In 2026, organisations must reassess their exposure to supply chain disruption, sanctions compliance, and contractual obligations. The legal landscape is shifting quickly — and businesses that fail to adapt may find themselves facing increased costs, regulatory scrutiny, and disputes with suppliers or customers.

This article explores the key legal issues arising from the Iran conflict and outlines practical steps businesses can take to protect themselves.

1. The Strategic Importance of the Strait of Hormuz

The Strait of Hormuz remains one of the world’s most critical maritime chokepoints. Approximately 20% of global oil and liquefied natural gas passes through this narrow corridor. Any disruption — whether from military activity, blockades, or heightened security measures — has immediate consequences for global trade.

Legal implications for businesses

· Shipping contracts may face delays, diversions, or increased freight rates.

· Marine insurance premiums have risen sharply, with some insurers imposing war-risk surcharges.

· Delivery obligations under supply contracts may become harder to meet, raising questions about liability for late performance.

Businesses reliant on Middle Eastern energy or raw materials should review their contractual risk allocation and ensure they understand who bears the cost of disruption.

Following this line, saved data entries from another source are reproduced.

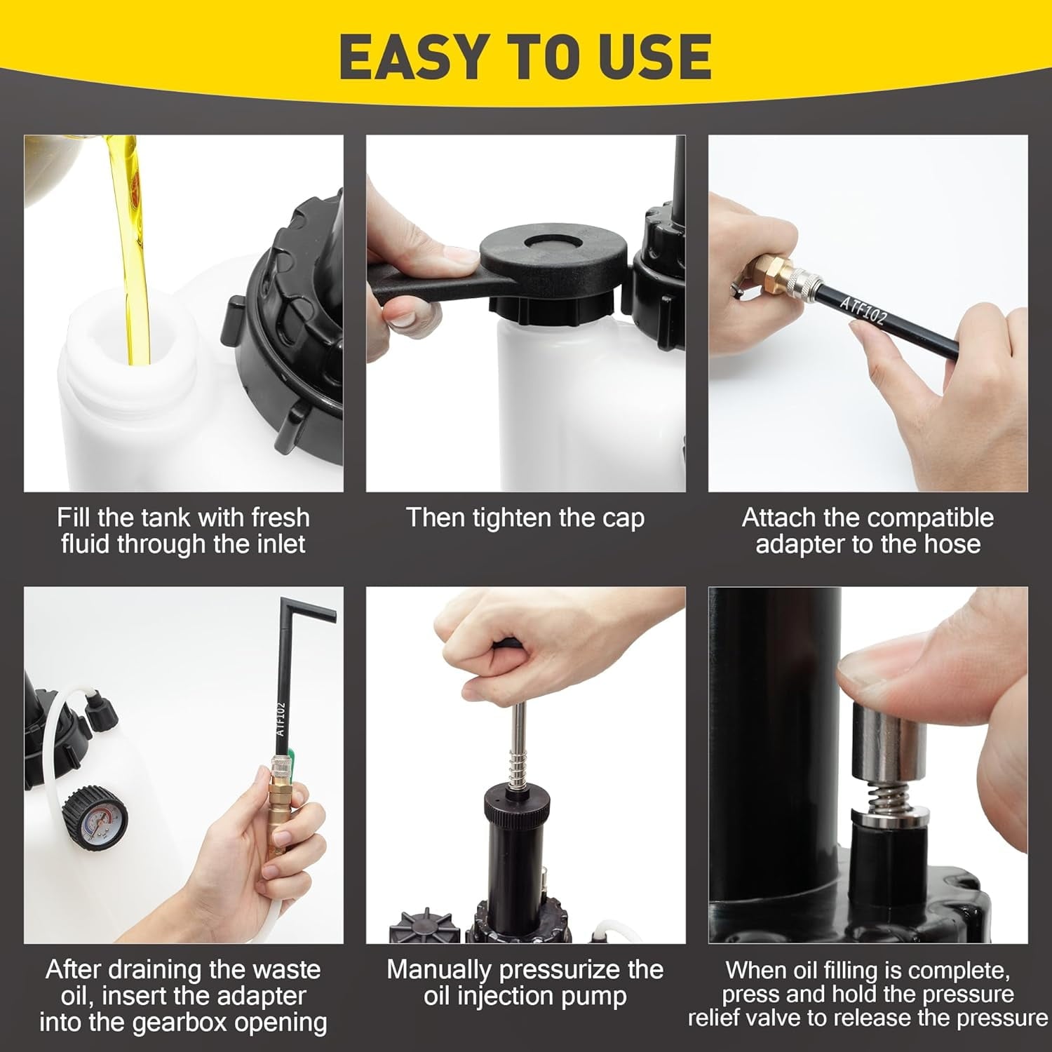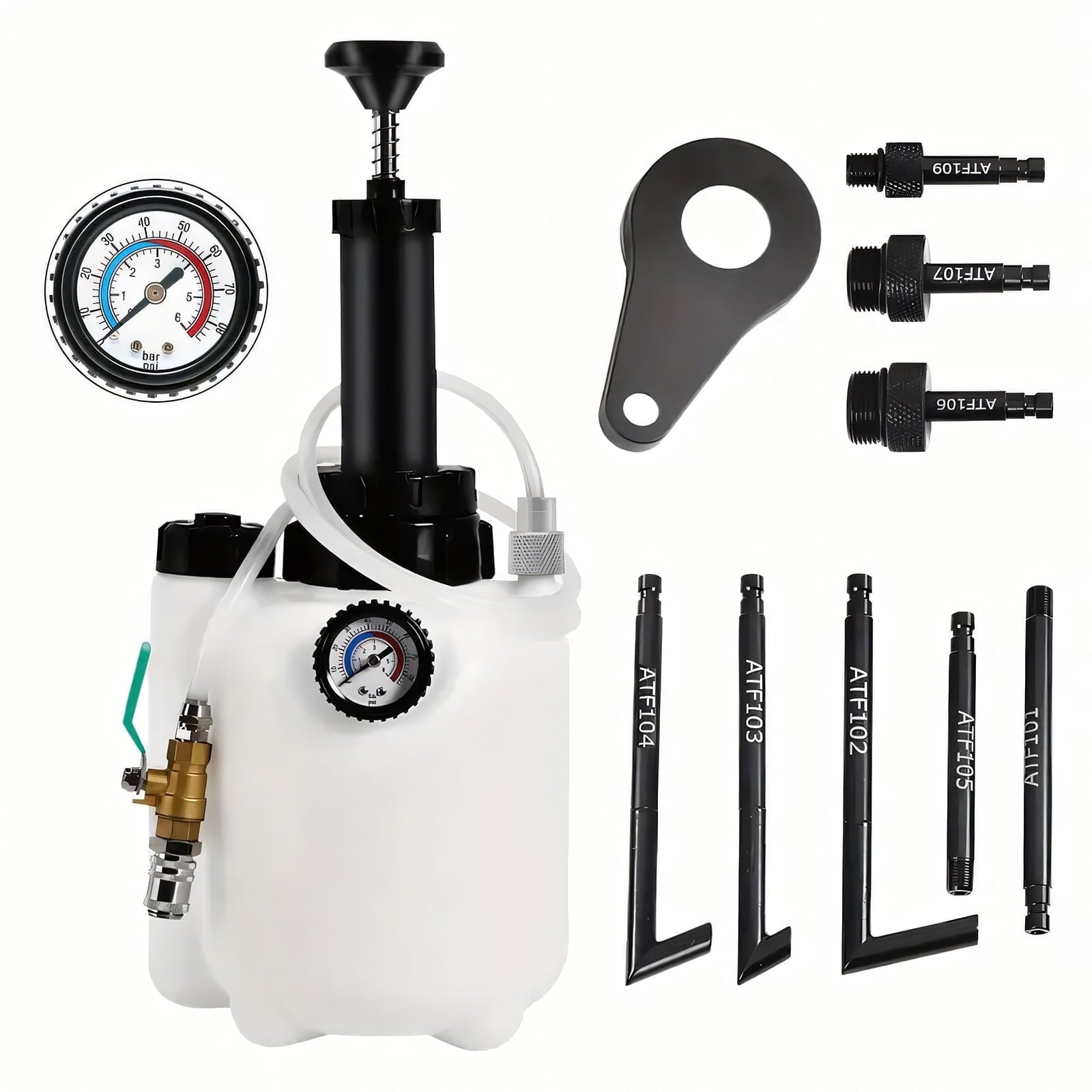 - This transmission oil pump kit includes a pressure gauge and release valve that allows you to precisely control fluid delivery to reduce the risk of overfilling or underfilling and protect your transmission from potential damage.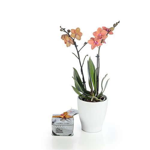 מארז סחלב מולטי 2 ענפים בכלי קרמי ושוקולד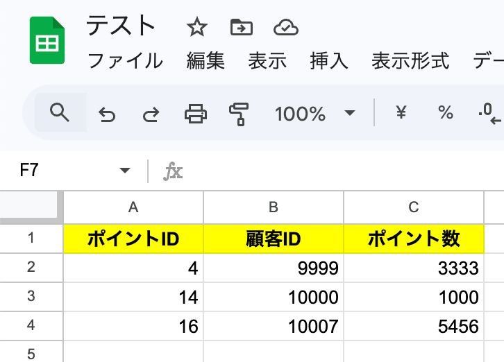 事前準備としてGoogle スプレッドシートでレコードを用意しておきましょう。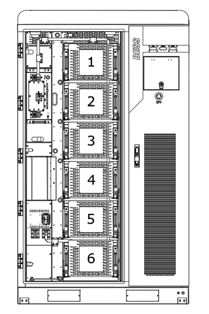 Figuur 2-7 Indeling batterijmodules model 107 kWh
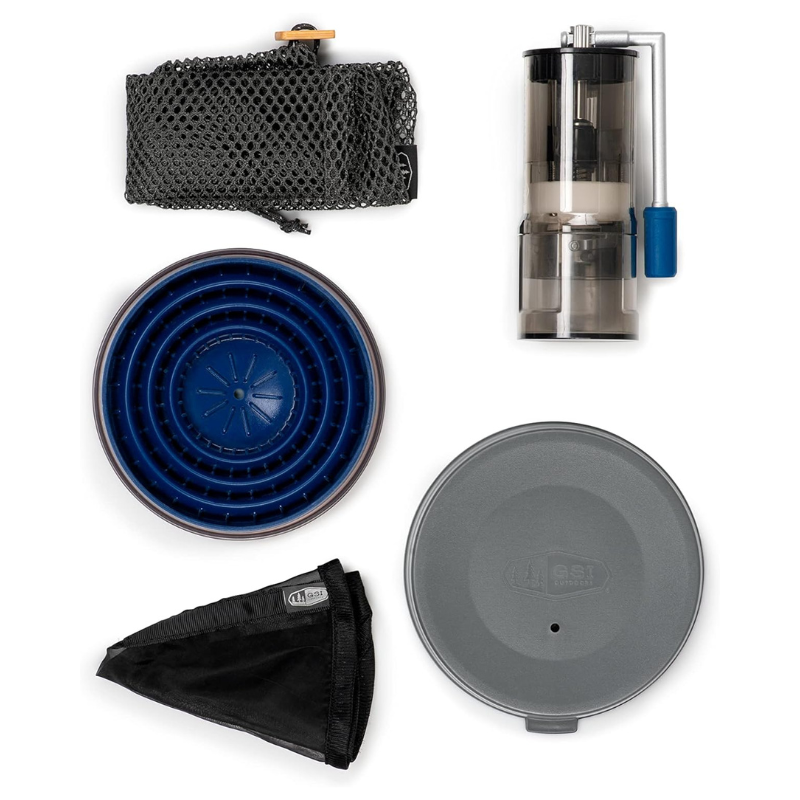 Su „GSI Outdoors“ „Gourmet PourOver Java“ rinkiniu galite mėgautis šviežia kava bet kur ir bet kada. Kompaktiškas rinkinys, idealus kelionėms, stovyklavimui, žygiams ir kelionėms kemperiu. Jame yra plieninis rankinis malūnėlis, sulankstomas silikoninis piltuvėlis, daugkartinis Nr. 4 filtras ir kelioninis maišelis. Paprasta naudoti: sumalkite kavą, uždėkite filtrą ir užpilkite vandeniu. Tinka paruošti 1-2 puodelius kavos. Lengvas (0,84 kg) ir kompaktiškas – puikiai telpa į mažą bagažą. „GSI Outdoors“ garantija visam gyvenimui.
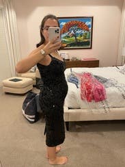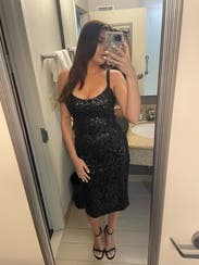 Wore this dress at a semi-formal rehearsal dinner while 21 weeks pregnant. The small was a tad too tight (especially around the upper body), so the medium ended up being the perfect fit. It had enough stretch to fit the bump and pregnancy weight without issues (usually around 140, but was about 155 at this point). The adjustable straps also made for an easier fit. Was able to wear shapewear and a strapless bra underneath without issue. Loved that this was a fun little black dress! Would rent again.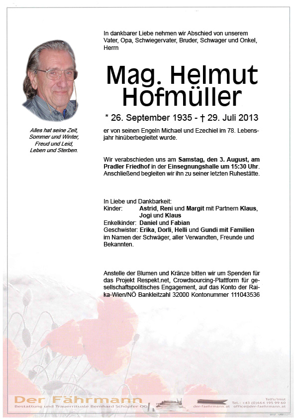 Hofmüller Helmuth 26.09.1935 29.07.2013 Innsbruck Beisetzungs-Ort: Innsbruck Parte Gedenkkerzen Kondolenzen Parte downloaden Gedenkkerzen für Hofmüller Helmuth 0 Einträge Kerze anzünden Eine Kerze für Hofmüller Helmuth Ihr Name* Ihre Nachricht oder Name* E-Mail-Adresse* Mit dem Klicken auf "Kerze anzünden" erklären Sie sich mit unseren Datenschutzbestimmungen einverstanden. Kondolenzbuch für Hofmüller Helmuth 0 Einträge Kondolenz verfassen Ihr Abschiedsgruß an Hofmüller Helmuth Ihr Name* E-Mail-Adresse* Ihre Nachricht* Mit dem Klicken auf "Gruß absenden" erklären Sie sich mit unseren Datenschutzbestimmungen einverstanden. Hofmüller Helmuth 26.09.1935 – 29.07.2013 Parte Gedenkkerzen Kondolenzen Kerze anzünden Kondolenz verfassen

2. Fuel Price Volatility and Rising Operational Costs

The Iran conflict has contributed to significant volatility in global oil and gas markets. Even short-term instability can lead to:

· Higher fuel costs for logistics and transportation

· Increased manufacturing and production expenses

· Surcharges imposed by carriers and freight forwarders

Contractual consequences

Many commercial contracts do not adequately address sudden price spikes. Businesses should review:

· Price adjustment clauses

· Indexation mechanisms

· Pass-through provisions

· Renegotiation triggers

Where contracts are silent, parties may face disputes over who absorbs the additional costs.

3. Force Majeure and Frustration: Can Businesses Rely on Them?

As supply chain disruption intensifies, many organisations are asking whether the Iran conflict constitutes a force majeure event or whether contracts could be deemed frustrated.

Force majeure

Whether the conflict qualifies depends on:

· The wording of the clause

· The nature of the disruption

· Whether performance is impossible or merely more expensive

Courts generally interpret force majeure clauses narrowly. Increased costs alone rarely suffice.

Frustration

Frustration applies only where performance becomes impossible or the contract’s purpose is destroyed. It remains a high bar and is unlikely to apply to most commercial arrangements affected by geopolitical events.

Businesses should not assume these doctrines will offer an easy escape route.

4. Supply Chain Resilience: Legal Steps Businesses Should Take Now

With geopolitical instability likely to continue, organisations should take proactive steps to strengthen their legal and operational resilience.

a. Map your supply chain

Identify:

· Critical suppliers

· Single-source dependencies

· Exposure to Middle Eastern shipping routes

b. Review and update contracts

Ensure contracts include:

· Clear risk allocation

· Robust force majeure provisions

· Price adjustment mechanisms

· Sanctions compliance warranties

· Audit and verification rights

c. Strengthen due diligence

Enhanced supplier vetting is essential, particularly where goods or services may originate from high-risk jurisdictions.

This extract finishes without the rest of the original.